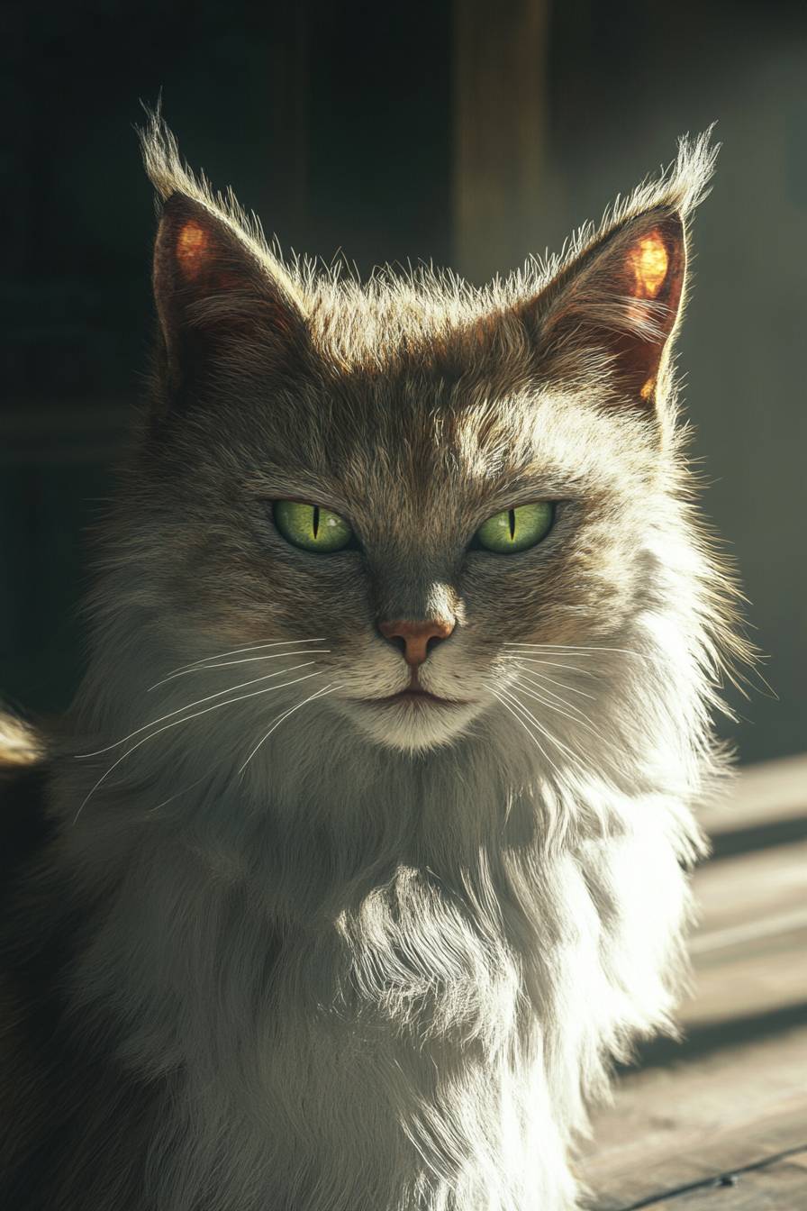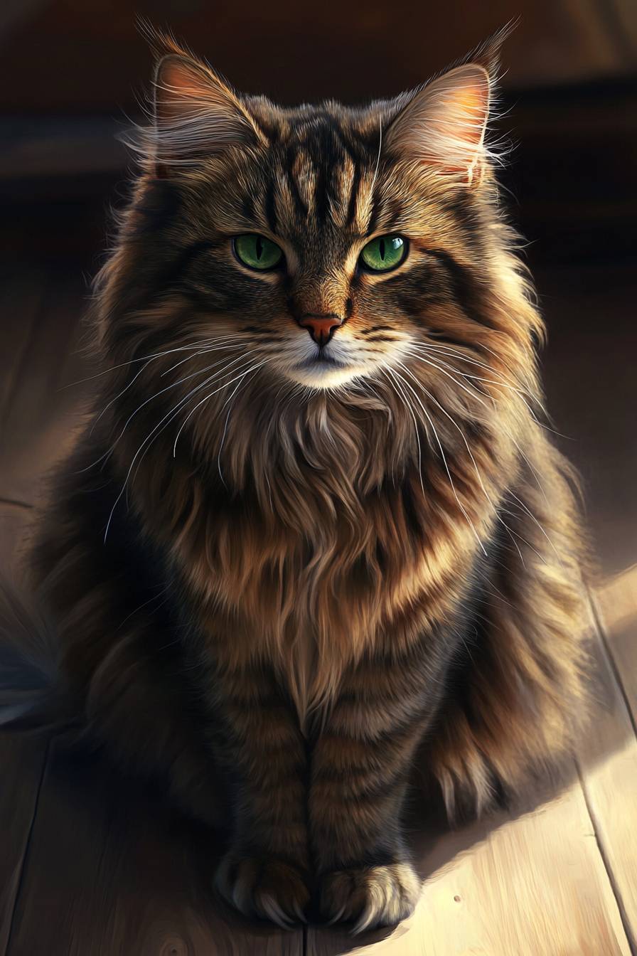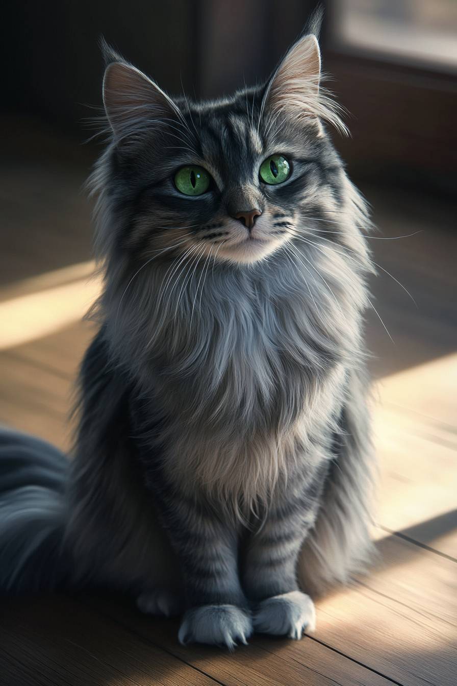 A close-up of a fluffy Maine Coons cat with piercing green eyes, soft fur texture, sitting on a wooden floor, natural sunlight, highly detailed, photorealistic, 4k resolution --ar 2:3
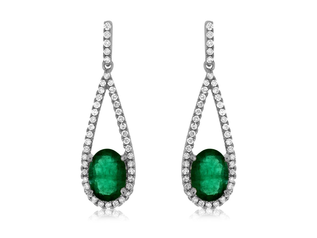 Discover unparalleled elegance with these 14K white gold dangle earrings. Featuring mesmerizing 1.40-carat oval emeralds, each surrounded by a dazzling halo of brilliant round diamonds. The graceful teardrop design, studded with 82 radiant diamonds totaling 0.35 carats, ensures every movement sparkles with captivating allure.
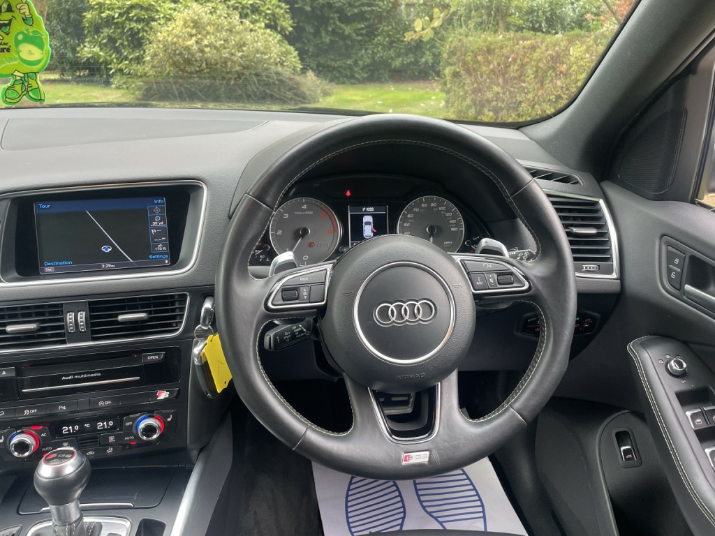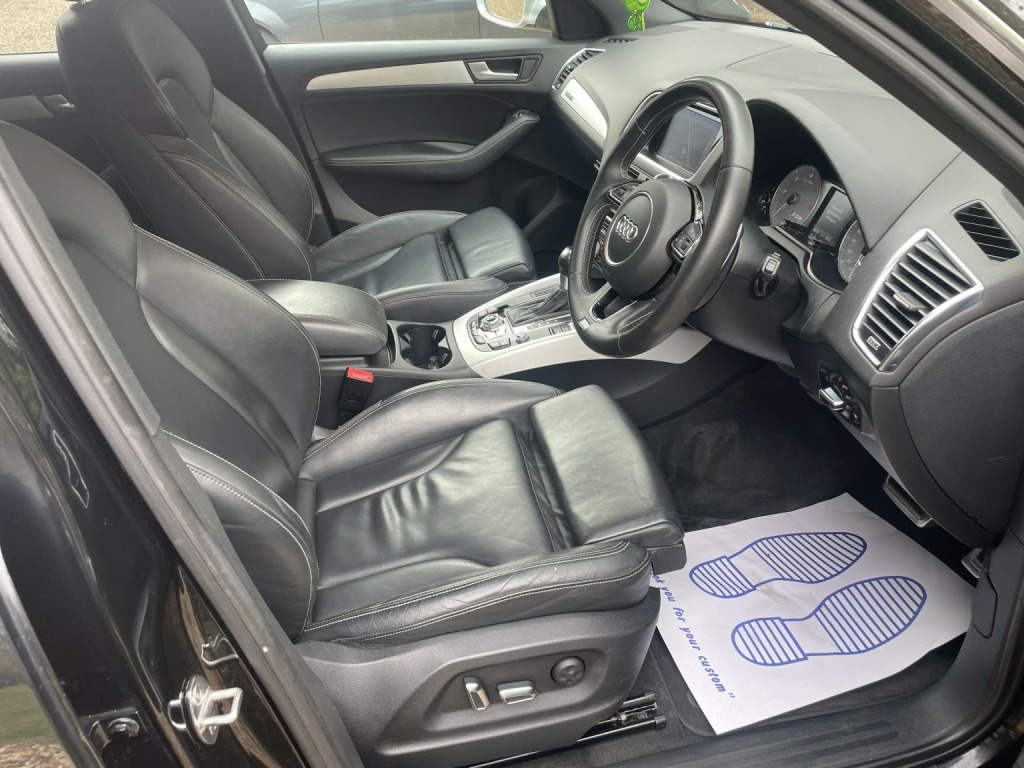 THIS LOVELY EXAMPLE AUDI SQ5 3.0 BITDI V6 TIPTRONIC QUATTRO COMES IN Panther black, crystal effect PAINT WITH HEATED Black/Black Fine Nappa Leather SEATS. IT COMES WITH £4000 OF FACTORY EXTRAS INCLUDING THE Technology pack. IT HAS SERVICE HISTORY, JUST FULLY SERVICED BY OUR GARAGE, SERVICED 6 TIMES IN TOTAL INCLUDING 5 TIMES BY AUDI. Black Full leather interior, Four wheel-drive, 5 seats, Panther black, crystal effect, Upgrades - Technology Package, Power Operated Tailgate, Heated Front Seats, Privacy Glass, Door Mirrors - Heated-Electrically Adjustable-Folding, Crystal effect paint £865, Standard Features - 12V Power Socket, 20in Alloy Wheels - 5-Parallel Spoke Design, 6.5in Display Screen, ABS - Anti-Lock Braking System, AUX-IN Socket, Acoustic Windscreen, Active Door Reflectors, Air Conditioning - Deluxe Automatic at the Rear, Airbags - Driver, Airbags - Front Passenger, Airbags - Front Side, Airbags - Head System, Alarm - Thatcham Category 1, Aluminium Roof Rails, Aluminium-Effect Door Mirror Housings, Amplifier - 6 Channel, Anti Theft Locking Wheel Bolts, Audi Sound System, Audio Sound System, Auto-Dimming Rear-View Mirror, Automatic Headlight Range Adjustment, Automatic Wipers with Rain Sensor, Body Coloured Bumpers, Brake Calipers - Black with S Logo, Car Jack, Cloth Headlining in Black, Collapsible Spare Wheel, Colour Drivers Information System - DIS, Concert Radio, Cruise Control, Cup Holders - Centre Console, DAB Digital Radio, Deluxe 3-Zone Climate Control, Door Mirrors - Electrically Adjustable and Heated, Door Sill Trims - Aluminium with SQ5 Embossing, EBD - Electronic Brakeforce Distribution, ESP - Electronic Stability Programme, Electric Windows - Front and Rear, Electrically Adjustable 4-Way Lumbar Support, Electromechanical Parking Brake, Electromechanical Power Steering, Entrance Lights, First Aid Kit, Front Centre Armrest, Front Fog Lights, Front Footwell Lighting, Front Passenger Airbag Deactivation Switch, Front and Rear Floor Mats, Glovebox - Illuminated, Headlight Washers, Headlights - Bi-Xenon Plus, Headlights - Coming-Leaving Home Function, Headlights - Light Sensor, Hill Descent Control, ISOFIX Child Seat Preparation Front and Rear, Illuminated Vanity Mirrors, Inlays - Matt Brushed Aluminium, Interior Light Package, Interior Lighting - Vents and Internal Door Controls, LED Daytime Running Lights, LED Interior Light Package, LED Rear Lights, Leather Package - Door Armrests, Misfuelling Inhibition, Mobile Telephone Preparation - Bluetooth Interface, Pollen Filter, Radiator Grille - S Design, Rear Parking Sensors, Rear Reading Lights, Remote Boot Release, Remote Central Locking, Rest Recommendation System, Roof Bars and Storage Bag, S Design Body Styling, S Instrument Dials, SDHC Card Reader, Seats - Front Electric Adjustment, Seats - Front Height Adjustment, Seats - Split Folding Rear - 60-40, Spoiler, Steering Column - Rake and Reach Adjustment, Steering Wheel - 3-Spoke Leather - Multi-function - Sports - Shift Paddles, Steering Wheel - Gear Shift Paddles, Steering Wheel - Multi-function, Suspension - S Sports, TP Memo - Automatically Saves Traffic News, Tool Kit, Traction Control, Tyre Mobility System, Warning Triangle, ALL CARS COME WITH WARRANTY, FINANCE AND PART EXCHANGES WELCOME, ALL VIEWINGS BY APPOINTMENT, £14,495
----------
• [AIM OF THE EXERCISE]: Copy the data above word for word. Pictures stay out.

• [OUTPUT OF THE TASK]:
 A close-up of a fluffy Maine Coons cat with piercing green eyes, soft fur texture, sitting on a wooden floor, natural sunlight, highly detailed, photorealistic, 4k resolution --ar 2:3
 Discover unparalleled elegance with these 14K white gold dangle earrings. Featuring mesmerizing 1.40-carat oval emeralds, each surrounded by a dazzling halo of brilliant round diamonds. The graceful teardrop design, studded with 82 radiant diamonds totaling 0.35 carats, ensures every movement sparkles with captivating allure.
 THIS LOVELY EXAMPLE AUDI SQ5 3.0 BITDI V6 TIPTRONIC QUATTRO COMES IN Panther black, crystal effect PAINT WITH HEATED Black/Black Fine Nappa Leather SEATS. IT COMES WITH £4000 OF FACTORY EXTRAS INCLUDING THE Technology pack. IT HAS SERVICE HISTORY, JUST FULLY SERVICED BY OUR GARAGE, SERVICED 6 TIMES IN TOTAL INCLUDING 5 TIMES BY AUDI. Black Full leather interior, Four wheel-drive, 5 seats, Panther black, crystal effect, Upgrades - Technology Package, Power Operated Tailgate, Heated Front Seats, Privacy Glass, Door Mirrors - Heated-Electrically Adjustable-Folding, Crystal effect paint £865, Standard Features - 12V Power Socket, 20in Alloy Wheels - 5-Parallel Spoke Design, 6.5in Display Screen, ABS - Anti-Lock Braking System, AUX-IN Socket, Acoustic Windscreen, Active Door Reflectors, Air Conditioning - Deluxe Automatic at the Rear, Airbags - Driver, Airbags - Front Passenger, Airbags - Front Side, Airbags - Head System, Alarm - Thatcham Category 1, Aluminium Roof Rails, Aluminium-Effect Door Mirror Housings, Amplifier - 6 Channel, Anti Theft Locking Wheel Bolts, Audi Sound System, Audio Sound System, Auto-Dimming Rear-View Mirror, Automatic Headlight Range Adjustment, Automatic Wipers with Rain Sensor, Body Coloured Bumpers, Brake Calipers - Black with S Logo, Car Jack, Cloth Headlining in Black, Collapsible Spare Wheel, Colour Drivers Information System - DIS, Concert Radio, Cruise Control, Cup Holders - Centre Console, DAB Digital Radio, Deluxe 3-Zone Climate Control, Door Mirrors - Electrically Adjustable and Heated, Door Sill Trims - Aluminium with SQ5 Embossing, EBD - Electronic Brakeforce Distribution, ESP - Electronic Stability Programme, Electric Windows - Front and Rear, Electrically Adjustable 4-Way Lumbar Support, Electromechanical Parking Brake, Electromechanical Power Steering, Entrance Lights, First Aid Kit, Front Centre Armrest, Front Fog Lights, Front Footwell Lighting, Front Passenger Airbag Deactivation Switch, Front and Rear Floor Mats, Glovebox - Illuminated, Headlight Washers, Headlights - Bi-Xenon Plus, Headlights - Coming-Leaving Home Function, Headlights - Light Sensor, Hill Descent Control, ISOFIX Child Seat Preparation Front and Rear, Illuminated Vanity Mirrors, Inlays - Matt Brushed Aluminium, Interior Light Package, Interior Lighting - Vents and Internal Door Controls, LED Daytime Running Lights, LED Interior Light Package, LED Rear Lights, Leather Package - Door Armrests, Misfuelling Inhibition, Mobile Telephone Preparation - Bluetooth Interface, Pollen Filter, Radiator Grille - S Design, Rear Parking Sensors, Rear Reading Lights, Remote Boot Release, Remote Central Locking, Rest Recommendation System, Roof Bars and Storage Bag, S Design Body Styling, S Instrument Dials, SDHC Card Reader, Seats - Front Electric Adjustment, Seats - Front Height Adjustment, Seats - Split Folding Rear - 60-40, Spoiler, Steering Column - Rake and Reach Adjustment, Steering Wheel - 3-Spoke Leather - Multi-function - Sports - Shift Paddles, Steering Wheel - Gear Shift Paddles, Steering Wheel - Multi-function, Suspension - S Sports, TP Memo - Automatically Saves Traffic News, Tool Kit, Traction Control, Tyre Mobility System, Warning Triangle, ALL CARS COME WITH WARRANTY, FINANCE AND PART EXCHANGES WELCOME, ALL VIEWINGS BY APPOINTMENT, £14,495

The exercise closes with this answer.